— Неплохое зрелище, Ликиск?
Я улыбнулся, кивнул и прошел дальше, разглядывая многочисленных путников, спешащих по улице и вливавшихся в шумную толпу, следовавшую за Иисусом в Храм. Возгласы одобрения отражались от стен домов и эхом прокатывались по улице, создавая странный бестелесный звук, подобный шуму волн, разбивавшихся об утесы Капри.
На вершине холма толпа, стремившаяся попасть на переполненный двор язычников в Храме Соломона, оказалась такой плотной, что я едва смог через нее продраться. Вдалеке над морем человеческих голов я увидел Иисуса, стоявшего на своем привычном месте. Он говорил:
— Я пришел не разрушить Закон, но исполнить его.
Угрюмый, уставший после дня службы военный патруль ворчал, что дорога заблокирована, пытаясь сердитыми голосами и грубыми тычками проложить себе путь. Их сержант бормотал себе под нос:
— Не нравится мне это сборище.
Прежде, чем толпа сомкнулась вновь, я просочился сквозь нее, наполненный растущим ожиданием опасности. Что-то внутри подсказывало: эта бурная встреча Иисуса не предрекала ничего, кроме неприятностей, хотя я надеялся, что Никодим и Пилат смогут предотвратить самое худшее.
Старика дома не оказалось, но я знал, что должен ждать, поскольку не было ничего важнее этой встречи. Несколько часов спустя он вернулся в компании молодого человека. (Невысокий и плотный, он напомнил мне моего друга Луция с Капри — большие, внимательные глаза, приятное лицо, самый расцвет сил). Юношу звали Марк, и когда он услышал мое имя, то, кажется, узнал его, слыша обо мне раньше. Никодим отвел юношу в сторону, шепотом поговорил с ним, а затем отослал.
Обернувшись, Никодим обнял меня за плечи и повел в сад.
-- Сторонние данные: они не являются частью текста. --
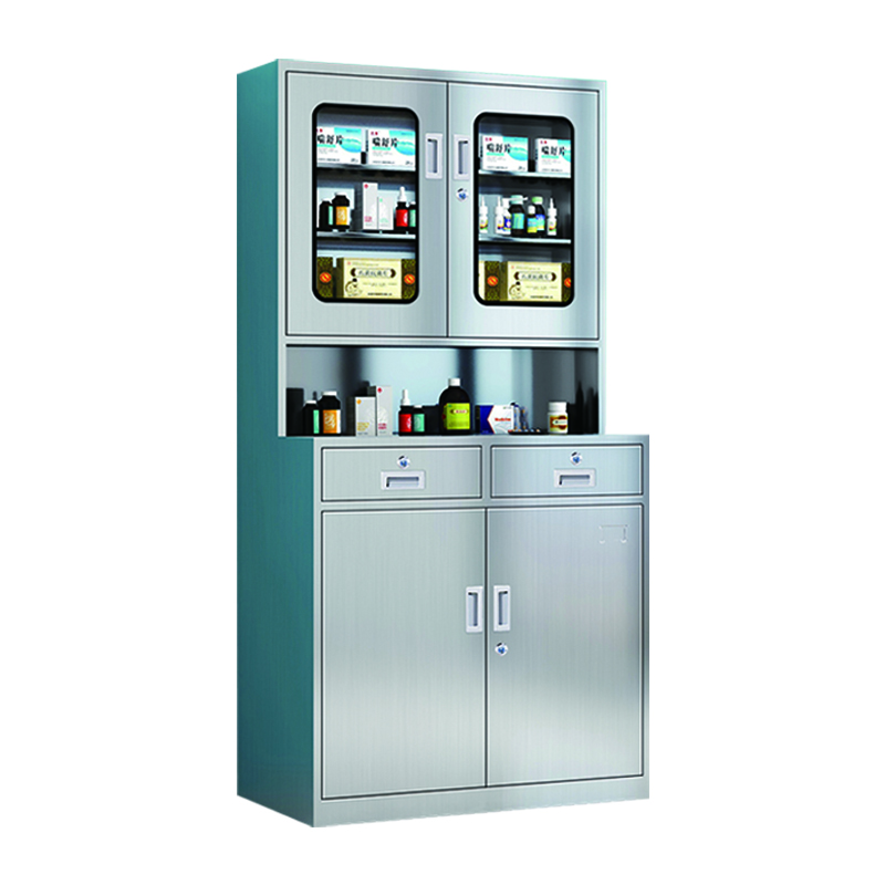 SSMC-08 integrates upper glass doors, a central open work shelf and a lower solid cabinet. The upper section provides visible storage for medicines, the middle open area serves as a convenient dispensing or temporary placement space, and the bottom doors hide bulk stock. Two locking drawers offer extra room for small or high-value items. This all-in-one design is ideal for outpatient rooms, community clinics and treatment areas.
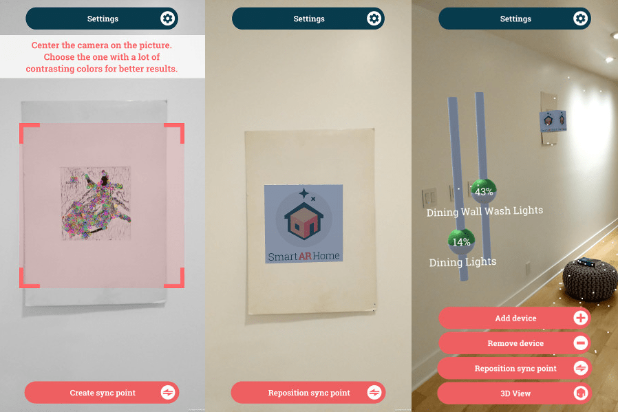 Для начала работы с приложением необходимо подключить его к совместимой смарт-системе в одной с ней сети Wi-Fi. Затем нужно установить «точку синхронизации» — некое зафиксированное плоское изображение или объект, при виде и относительно которого Smart AR Home будет вспоминать расположение всех расставленных вами виртуальных панелей управления. Отличной точкой синхронизации может стать картина на стене.
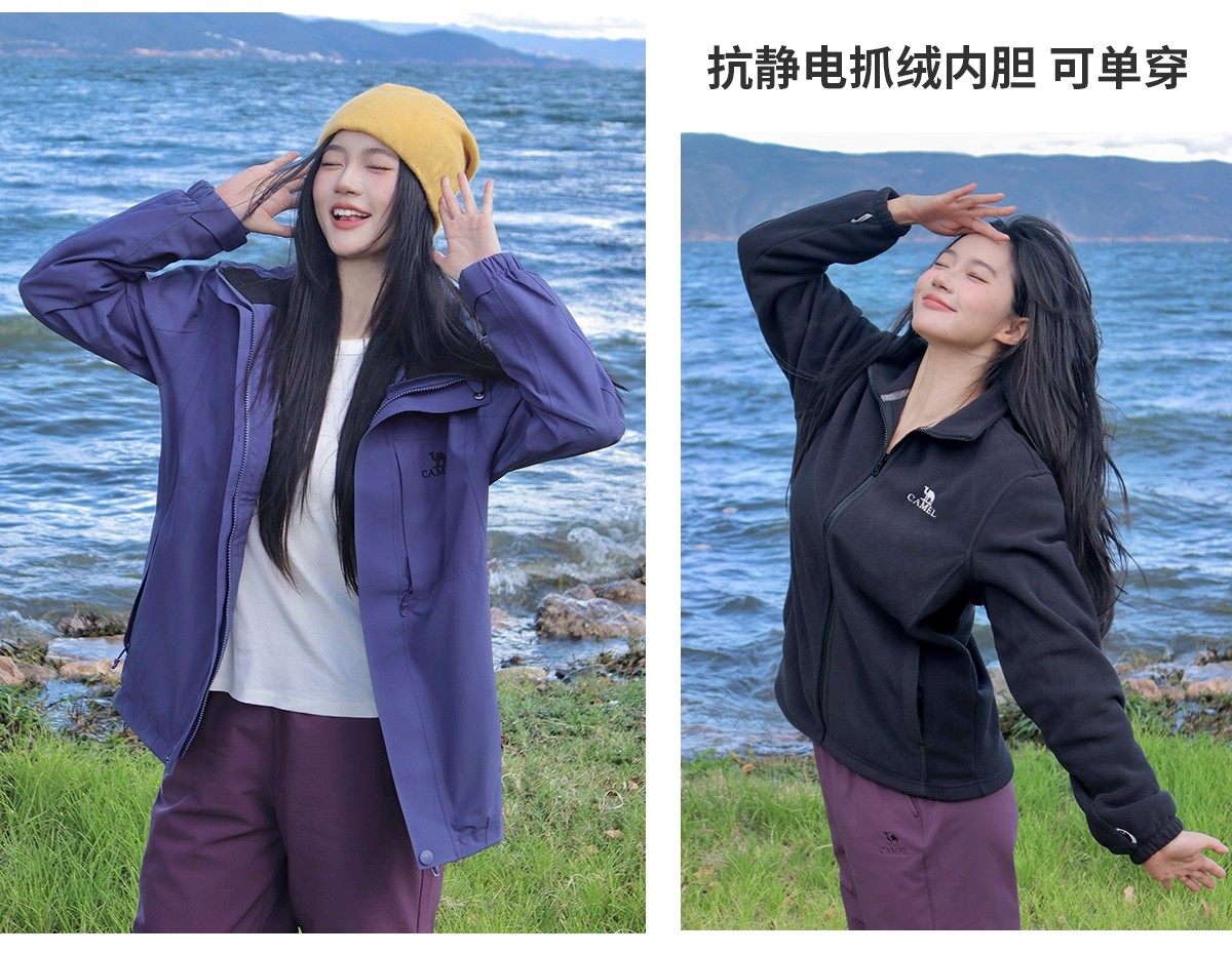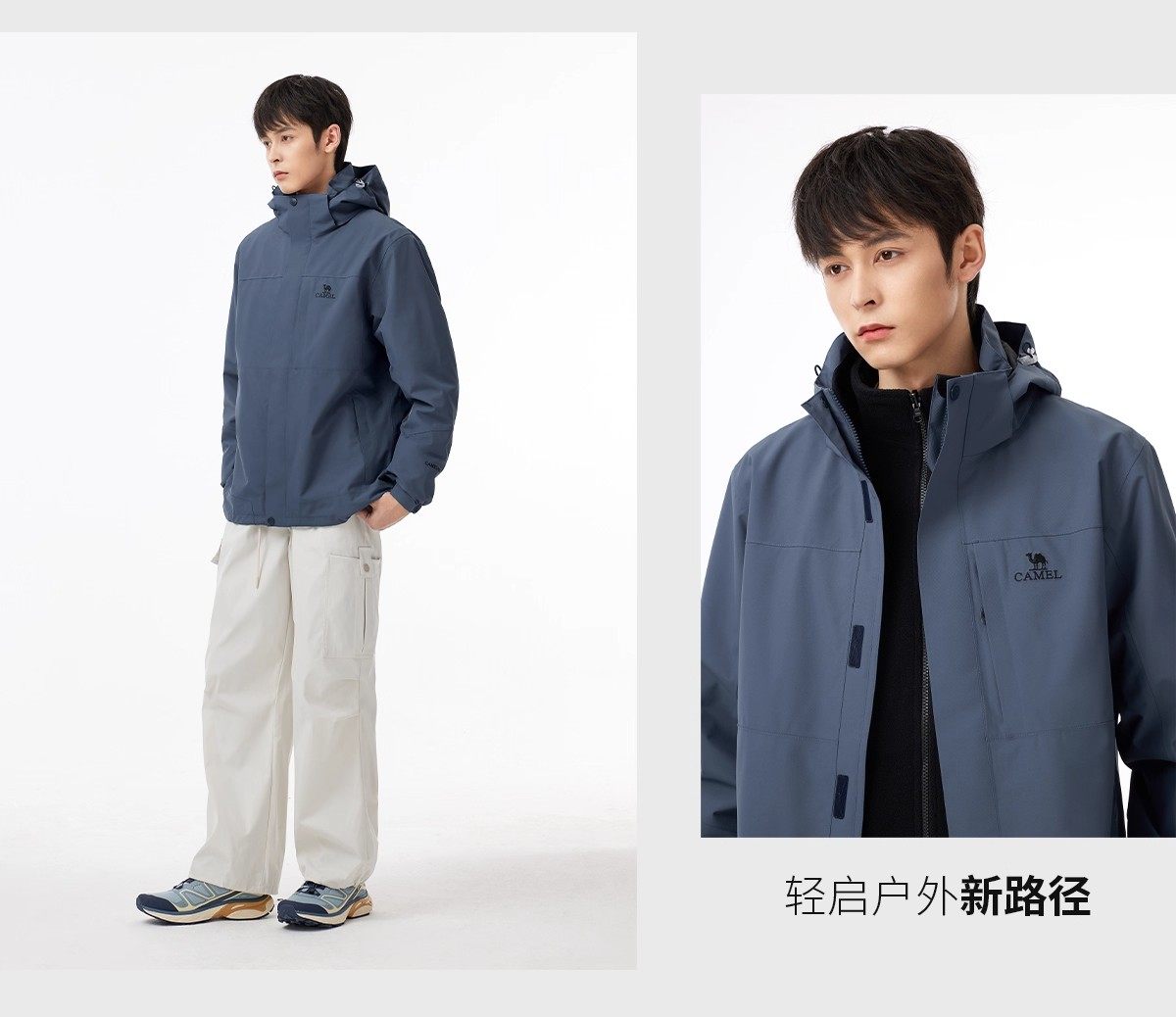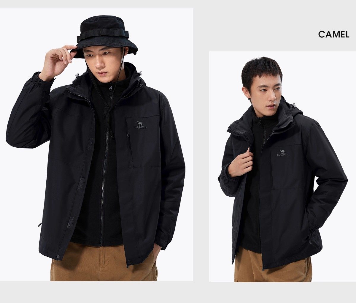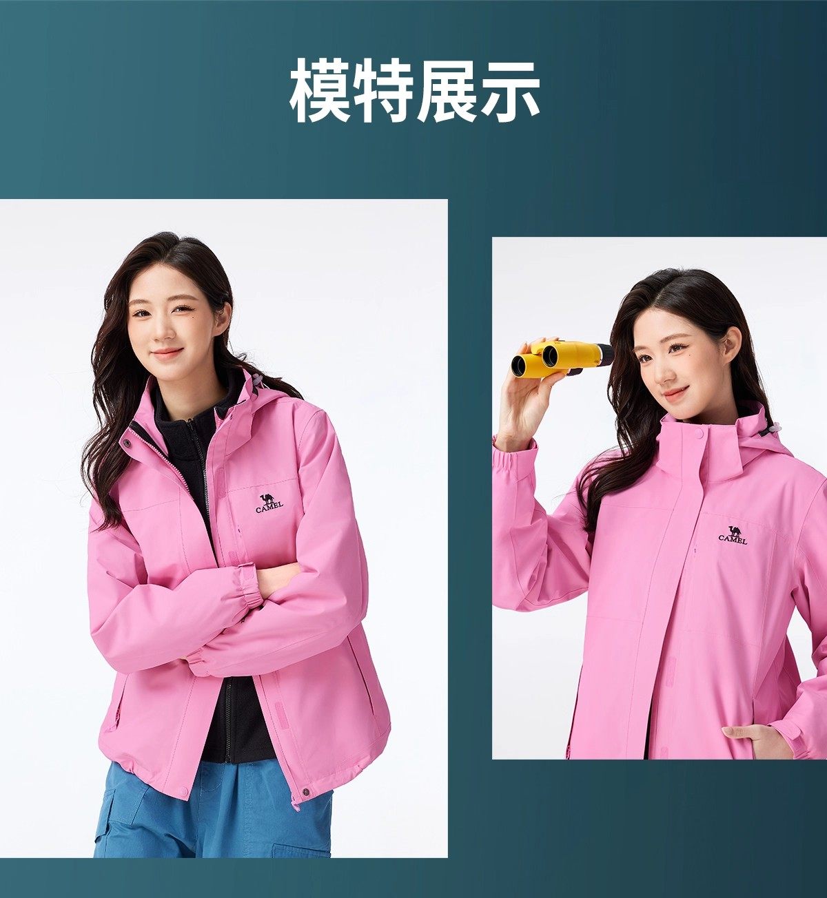 Camel Outdoor Yellow Jacket Women's 3-in-1 Waterproof Windproof Mountaineering Jacket Three-Proof Jacket Men's

— Ты пришел услышать, что было на встрече Синедриона, — начал он, — и то, что я тебе расскажу, будет печальной вестью для любого, кто считает себя другом Иисуса из Назарета. Он в огромной опасности. Знаю, ты хочешь побежать и предупредить его! Именно за этим я и послал сейчас Марка, хотя знаю Иисуса достаточно, чтобы понимать: несмотря на наши благие намерения и опасность, которая его подстерегает, он не покинет Иерусалим во время Пасхи. Он пришел в опасное время. Священники хотят арестовать его и, к сожалению, убить.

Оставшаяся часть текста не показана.